BEGIN GIVEN DATA

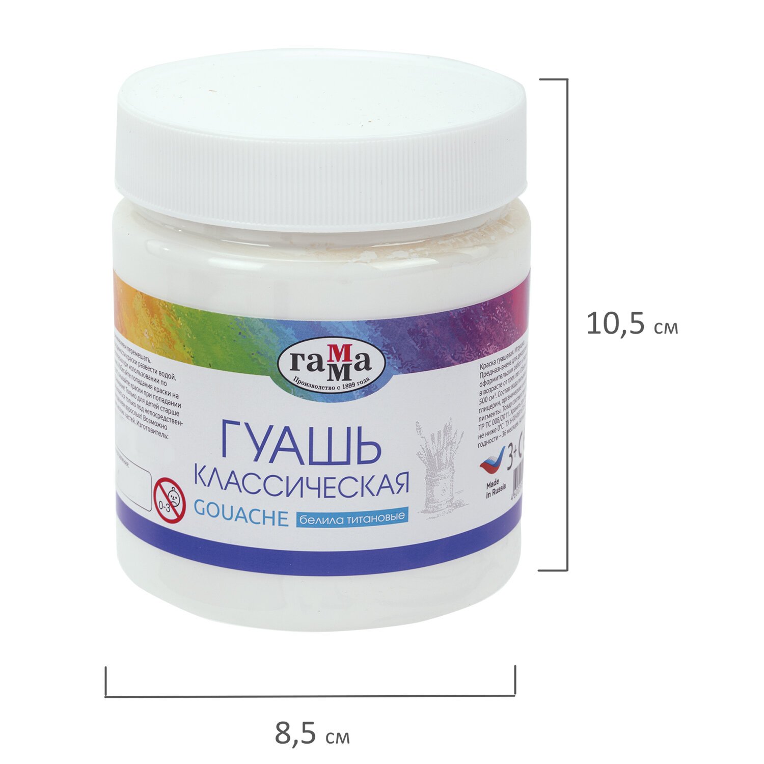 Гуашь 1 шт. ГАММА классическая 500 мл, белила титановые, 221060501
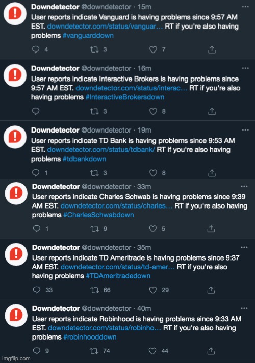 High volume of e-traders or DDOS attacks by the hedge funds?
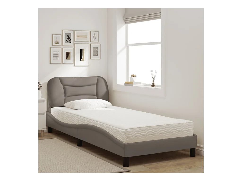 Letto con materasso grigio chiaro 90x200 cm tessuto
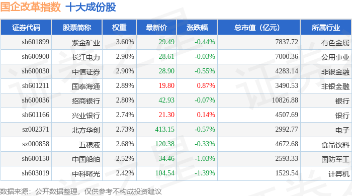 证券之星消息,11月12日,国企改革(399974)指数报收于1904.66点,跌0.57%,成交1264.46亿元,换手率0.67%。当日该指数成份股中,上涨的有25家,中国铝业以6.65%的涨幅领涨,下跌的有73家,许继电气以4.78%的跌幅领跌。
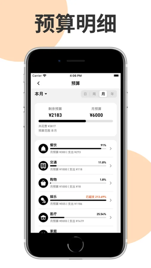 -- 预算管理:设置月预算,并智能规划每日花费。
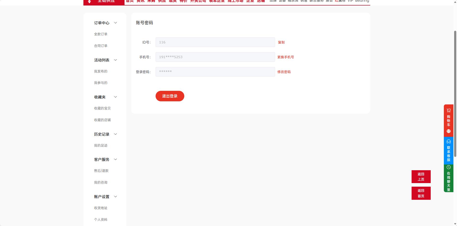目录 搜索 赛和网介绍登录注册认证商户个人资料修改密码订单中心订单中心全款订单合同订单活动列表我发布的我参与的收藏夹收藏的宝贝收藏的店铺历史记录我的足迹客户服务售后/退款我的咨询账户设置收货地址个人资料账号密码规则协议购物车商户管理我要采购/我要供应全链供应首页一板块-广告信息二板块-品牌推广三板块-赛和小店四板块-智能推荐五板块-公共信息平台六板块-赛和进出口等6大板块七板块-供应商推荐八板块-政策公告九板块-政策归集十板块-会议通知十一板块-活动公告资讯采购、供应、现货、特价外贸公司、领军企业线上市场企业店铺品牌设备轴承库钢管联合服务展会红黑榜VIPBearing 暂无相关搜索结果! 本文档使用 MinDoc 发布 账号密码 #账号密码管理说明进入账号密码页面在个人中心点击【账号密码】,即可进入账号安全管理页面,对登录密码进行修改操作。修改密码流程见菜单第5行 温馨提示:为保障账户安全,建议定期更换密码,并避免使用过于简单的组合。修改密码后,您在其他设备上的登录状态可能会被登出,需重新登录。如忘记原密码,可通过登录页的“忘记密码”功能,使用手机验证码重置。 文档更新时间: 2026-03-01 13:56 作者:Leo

END GIVEN DATA

__REQUIRED ACTION__:
Every line from the one containing "证券之星消息,11月12日,国企改革(3" to the final line of the records should be duplicated exactly; no picture is to be copied.

__EXERCISE RESULT__:
 证券之星消息,11月12日,国企改革(399974)指数报收于1904.66点,跌0.57%,成交1264.46亿元,换手率0.67%。当日该指数成份股中,上涨的有25家,中国铝业以6.65%的涨幅领涨,下跌的有73家,许继电气以4.78%的跌幅领跌。
 -- 预算管理:设置月预算,并智能规划每日花费。
目录 搜索 赛和网介绍登录注册认证商户个人资料修改密码订单中心订单中心全款订单合同订单活动列表我发布的我参与的收藏夹收藏的宝贝收藏的店铺历史记录我的足迹客户服务售后/退款我的咨询账户设置收货地址个人资料账号密码规则协议购物车商户管理我要采购/我要供应全链供应首页一板块-广告信息二板块-品牌推广三板块-赛和小店四板块-智能推荐五板块-公共信息平台六板块-赛和进出口等6大板块七板块-供应商推荐八板块-政策公告九板块-政策归集十板块-会议通知十一板块-活动公告资讯采购、供应、现货、特价外贸公司、领军企业线上市场企业店铺品牌设备轴承库钢管联合服务展会红黑榜VIPBearing 暂无相关搜索结果! 本文档使用 MinDoc 发布 账号密码 #账号密码管理说明进入账号密码页面在个人中心点击【账号密码】,即可进入账号安全管理页面,对登录密码进行修改操作。修改密码流程见菜单第5行 温馨提示:为保障账户安全,建议定期更换密码,并避免使用过于简单的组合。修改密码后,您在其他设备上的登录状态可能会被登出,需重新登录。如忘记原密码,可通过登录页的“忘记密码”功能,使用手机验证码重置。 文档更新时间: 2026-03-01 13:56 作者:Leo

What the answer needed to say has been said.